For you, I'll proudly boycott Israel. ( No more hummus, Falafels, or Dead sea salt Baths)


----------



## Pembers (May 3, 2010)

ZachGranstrom said:


> For you, I'll proudly boycott Israel. ( No more hummus, Falafels, or Dead sea salt Baths)


Or intel chips.


----------



## ZachGranstrom (Mar 11, 2010)

Pembers said:


> Or intel chips.


NOOOOOO!!!! (weeping in a fetal position)


----------



## Chouan (Nov 11, 2009)

dmbfrisb said:


> I can understand the reasoning for calling for a boycott, but where does one draw the line? To be perfectly honest, there is little that shouldn't be boycotted. Should we boycott Apple, HP, and Dell for working conditions in the manufacturing facilities in China. Putin blew up 7 apartment buildings in his own country and blamed it on Chechnya, do we boycott Russia? Should we boycott BP (which just hurts the station owners) or all UK products for lack of disaster planning? Boycott Japanese products for price-fixing and hunting whales in a whale sanctuary? What about American-made goods, name the decade and you can find a reason. Coal-powered electric plants emit nearly 100 times the REMs produced by a nuclear plant... this is an infinite list, we could find fault with just about anything.
> While I support civil resistance, I am aware of its hypocracy as I write this from keyboard made in China (human rights violations/environmental destruction), a computer assembled in Brazil (torture and inhumane prisons) encased in a plastic tower made from Saudi Arabian (slave labor/womens rights) petrol as I wear a shirt made in Cambodia (no freedom of movement) and glasses made in Vietnam (restricted freedom of media and expression, treatment of HIV positives). Besides, what does Israel make that we'd need to boycott? The only boycott that would have any impact is would be that of the $3 billion the US has scheduled to give Israel per year until 2017.


Indeed, shouldn't US products be boycotted in the US as well? Afterall it was an American Drilling company, chartered by BP, whose shoddy operational ethos actually caused the disaster. The "*Deepwater Horizon" *although registered in the Marshall Islands, was US crewed, owned and operated.


----------



## Earl of Ormonde (Sep 5, 2008)

dmbfrisb said:


> I can understand the reasoning for calling for a boycott, but where does one draw the line? To be perfectly honest, there is little that shouldn't be boycotted. Should we boycott Apple, HP, and Dell for working conditions in the manufacturing facilities in China. Putin blew up 7 apartment buildings in his own country and blamed it on Chechnya, do we boycott Russia? Should we boycott BP (which just hurts the station owners) or all UK products for lack of disaster planning? Boycott Japanese products for price-fixing and hunting whales in a whale sanctuary? What about American-made goods, name the decade and you can find a reason. Coal-powered electric plants emit nearly 100 times the REMs produced by a nuclear plant... this is an infinite list, we could find fault with just about anything.
> While I support civil resistance, I am aware of its hypocracy as I write this from keyboard made in China (human rights violations/environmental destruction), a computer assembled in Brazil (torture and inhumane prisons) encased in a plastic tower made from Saudi Arabian (slave labor/womens rights) petrol as I wear a shirt made in Cambodia (no freedom of movement) and glasses made in Vietnam (restricted freedom of media and expression, treatment of HIV positives). Besides, what does Israel make that we'd need to boycott? The only boycott that would have any impact is would be that of the $3 billion the US has scheduled to give Israel per year until 2017.

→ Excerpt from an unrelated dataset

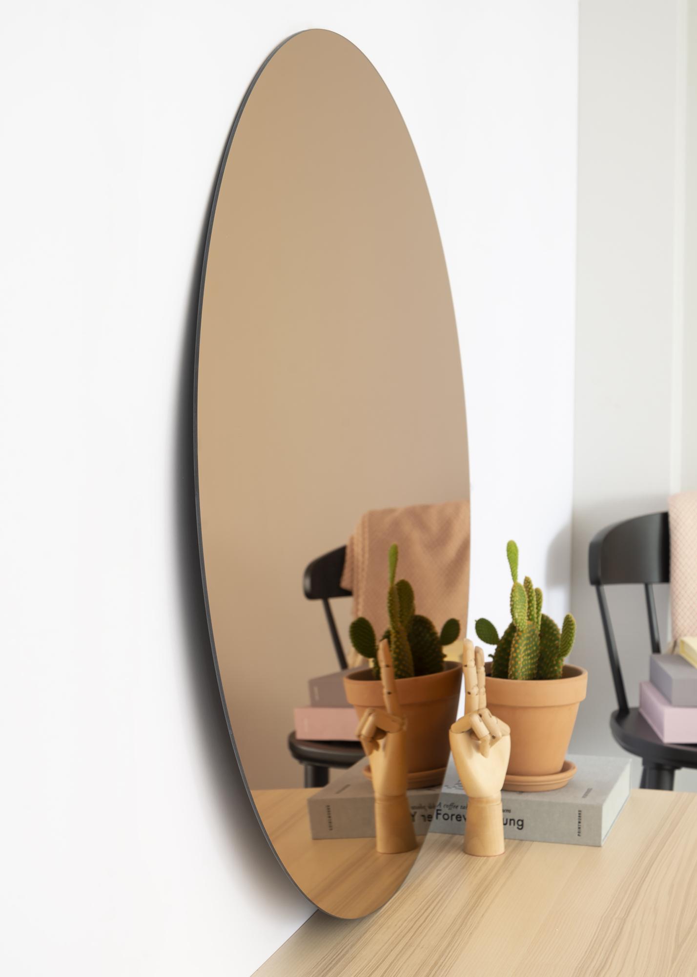 Kadar čista oblika sreča učinkovite podrobnosti, je lahko rezultat čaroben – kot v primeru tega okroglega ogledala. Ogledalo je tanko in nima okvirja, kar mu daje prefinjen vtis, obenem pa steklo v rožnato-zlati barvi naredi ogledalo zelo privlačno. To je klasična oblika z modernim pridihom!

Good points. However, isn't it a mark of world opinion that we continue to use lots of Chinese made products and that almost everything is made in China nowadays anyway, so that a boycott would be impossible without collapsing critical infrastructure...maybe that was their plan all along.

Whereas Israel in its isolationist state would be easy to boycott. And of course, as we all know that was the whole point of the Tripartite agreement way back when, between Israel, Taiwan and South Africa to keep goods flowing at least between some naitons friendly to each other. Taiwan suffering under a Chinese blockade, and no trade from countires that were pally with China; SA from the rest of the world; and Israel from all its neighbours and many Islamic African and Asian countries.


----------



## WouldaShoulda (Aug 5, 2009)

ZachGranstrom said:


> For you, I'll proudly boycott Israel. ( No more hummus, Falafels, or Dead sea salt Baths)


OH!! Now you've ruined it for me!!

My boycott is over before it started.


----------



## Country Irish (Nov 10, 2005)

"Indeed, shouldn't US products be boycotted in the US as well? Afterall it was an American Drilling company, chartered by BP, whose shoddy operational ethos actually caused the disaster. The "Deepwater Horizon" although registered in the Marshall Islands, was US crewed, owned and operated. "

I would be more than happy to boycot British goods if that would help, especially since it was them that got us to foot the bill for Israel anyway.
BTW why is it that every time England screws up one of their occupation/overthrow/emancipation/profiteering schemes it is the USA that ends up cleaning up the mess?


----------



## Country Irish (Nov 10, 2005)

WouldaShoulda said:


> OH!! Now you've ruined it for me!!
> 
> My boycott is over before it started.


Well I will pick up where you left off. I will buy California Sea salt, Real Hummus from Lebanon, and I will boycott Falafels just because they suck.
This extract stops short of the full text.